Приглашение выступить в цикле лекций, посвященных Роберту и Маурине Ротшильд, для меня большая честь. В первую очередь я должен поблагодарить Ротшильдов и присоединяюсь в этом к факультету и университету, ибо без этого нового примера их щедрости и великодушия цикл лекций не мог бы состояться. Но я также хочу поблагодарить факультет истории науки за приглашение открыть эту серию лекций. Участвовать в подобных мероприятиях обычно приглашают выдающихся людей, которые ранее председательствовали на них. Только тот, кто открывает этот цикл, избавлен от необходимости готовиться.
Обращаясь к моей теме, позвольте сказать о том, что я попытаюсь сделать. Как многим из вас известно, образ науки, распространенный как в академии, так и за ее пределами, за последнюю четверть века радикально изменился.

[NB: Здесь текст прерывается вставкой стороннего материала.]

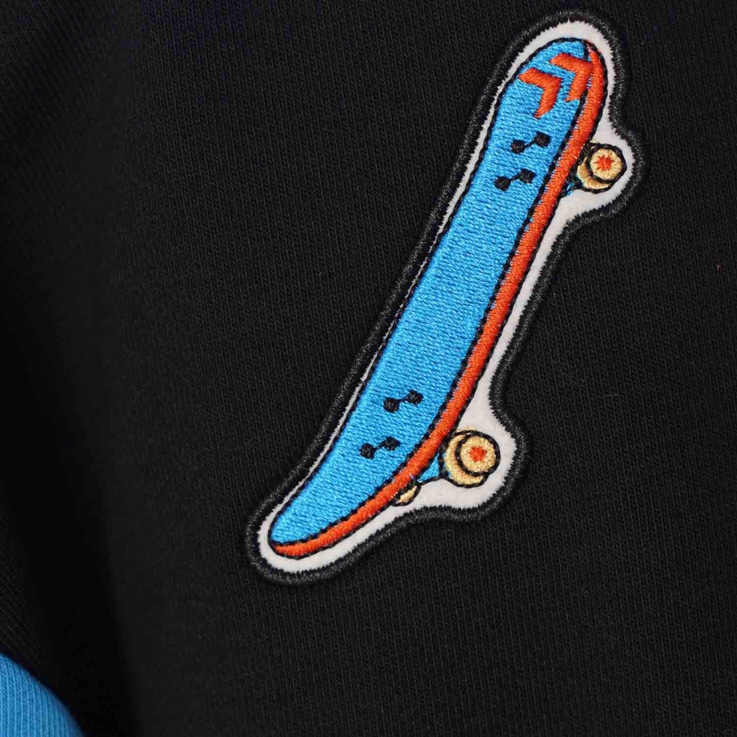 Black HALDOR BOMBER KIDS ZIPPER SWEATSHIRT stands out with its blue panel sleeve details. Logo and artwork accompany the embroidery detail design. Its cotton texture helps the skin breathe. Thanks to its loose fit pattern, it adapts to all sizes. It is useful thanks to its pocket structure. There are snap details on the front.

Я сам внес некоторый вклад в эту трансформацию, хотя теперь испытываю по этому поводу серьезные сожаления.
Это изменение постепенно начало порождать более реалистичное понимание того, что такое наука, как она действует, что может, а чего не в силах достигнуть. Однако подобная трансформация принесла побочные явления, в основном философского характера, но имеющие следствия для исторического и социологического изучения науки.
Меня смущает не в последнюю очередь, что эти следствия первоначально разрабатывались людьми, часто называвши – ми себя кунианцами. Думаю, они ошибались, и меня чрезвычайно огорчает то обстоятельство, что в течение многих лет мое имя связывали с этими разработками. Однако недавно я начал все более отчетливо осознавать, что к новому образу науки было добавлено что-то очень важное, и сегодня я попытаюсь выступить против этого.
Мой доклад состоит из трех частей. В первой части я кратко укажу на то, что считаю ошибочным, и приведу аргументы в пользу своего мнения. Вторая часть намечает тот путь, на котором можно было бы избежать ошибок и улучшить наше понимание научной деятельности. В этой, более конструктивной, части доклада я изложу отрывки из книги, над которой сейчас работаю. Но даже эти отрывки я вынужден представлять в крайне упрощенном виде, а о наиболее существенной части книги – о теории того, что я когда-то назвал несоизмеримостью, – вообще говорить не буду. Наконец, в конце доклада я коротко скажу о том, как мои нынешние воззрения внедрены в более широкий контекст моей прошлой и будущей работы.